Selain itu, Perda yang mengatur perlindungan data pribadi di tingkat daerah, pelayanan administrasi kependudukan, dan penanganan konflik sosial juga berdampak langsung pada kualitas daftar pemilih, keamanan tahapan pemilu, dan kepercayaan publik. Semua ini menunjukkan bahwa meskipun bukan regulasi pemilu secara langsung, Perda dapat menjadi faktor pendukung penting bagi suksesnya pemilu yang tertib dan aman.
Peran Pemda dan KPU dalam Implementasi Perda
Pemerintah daerah (Pemda) memegang peran utama dalam implementasi Perda, mulai dari sosialisasi, penyusunan peraturan pelaksana, hingga penegakan di lapangan melalui perangkat daerah dan satuan tugas terkait. Dalam konteks pemilu, Pemda berkewajiban memberikan dukungan sesuai kewenangannya, seperti penyediaan fasilitas umum, keamanan lingkungan, dan koordinasi lintas instansi. Kerja sama ini menjadi prasyarat bagi terwujudnya penyelenggaraan pemilu yang efektif di tingkat lokal.?
KPU, baik di tingkat provinsi maupun kabupaten/kota, menjalankan tugas berdasarkan Undang-Undang Pemilu dan peraturan KPU, tetapi dalam praktiknya tetap perlu berkoordinasi dengan Pemda agar pelaksanaan Perda tidak bertentangan dengan asas pemilu yang langsung, umum, bebas, rahasia, jujur, dan adil.

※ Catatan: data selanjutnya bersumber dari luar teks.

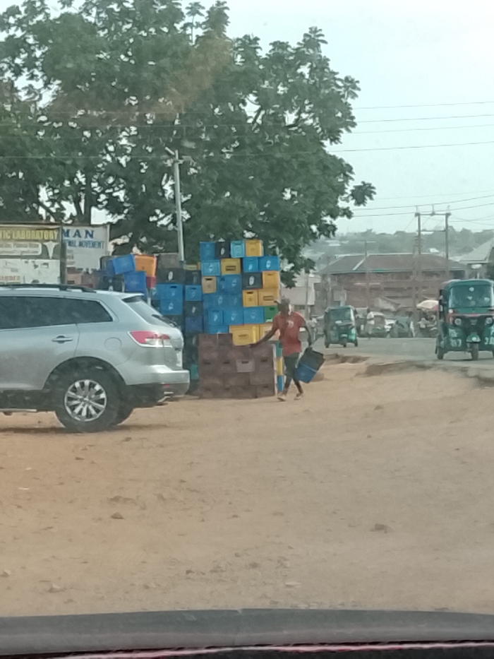 The image captures an outdoor urban scene in Jos, Nigeria, under a hazy sky. The immediate foreground features a coarse, light-brown dirt surface. At the bottom, a dark horizontal surface, possibly a vehicle dashboard, is visible. To the left, the rear section of a silver SUV is parked on the dirt shoulder, facing right. Behind the SUV and partially obscured by a large green-leafed tree, a white sign with black text reads "NIC LABORATORY" and "MAN THE MOVEMENT". Centrally located is a tall, irregular stack of empty plastic crates, primarily blue, yellow, and dark brown/black. A male individual, appearing dark-skinned and wearing a red short-sleeved shirt and dark blue lower garments, walks from left to right in front of these crates. He carries a dark blue plastic crate in his right hand, with his left arm extended towards the main stack. He appears to be barefoot or wearing light footwear. Beyond the dirt area, a paved road is visible. A green Keke Napep (auto-rickshaw) with the number "0J 270" on its front is prominent on the far right, facing left. Another green Keke Napep and other indistinct vehicles are further down the road, moving away from the viewer. The background shows low-rise buildings with light-colored walls and dark roofs, interspersed with numerous green trees and utility poles carrying overhead wires. The overall setting suggests a commercial or semi-commercial street environment.

Misalnya, KPU perlu memastikan bahwa penertiban alat peraga kampanye oleh Satpol PP berdasarkan Perda ketertiban umum tidak menghambat hak peserta pemilu yang dijamin undang-undang.?
Kolaborasi Pemda dan KPU juga tampak dalam perencanaan anggaran pilkada, pemanfaatan gedung sekolah atau fasilitas publik sebagai TPS, serta penanganan potensi kerawanan sosial yang diatur dalam Perda. Dengan sinergi yang selaras antara Perda, regulasi pemilu, dan kewenangan lembaga, penyelenggaraan pemilu dapat berlangsung lebih tertata, tertib, dan sesuai dengan prinsip negara hukum demokratis.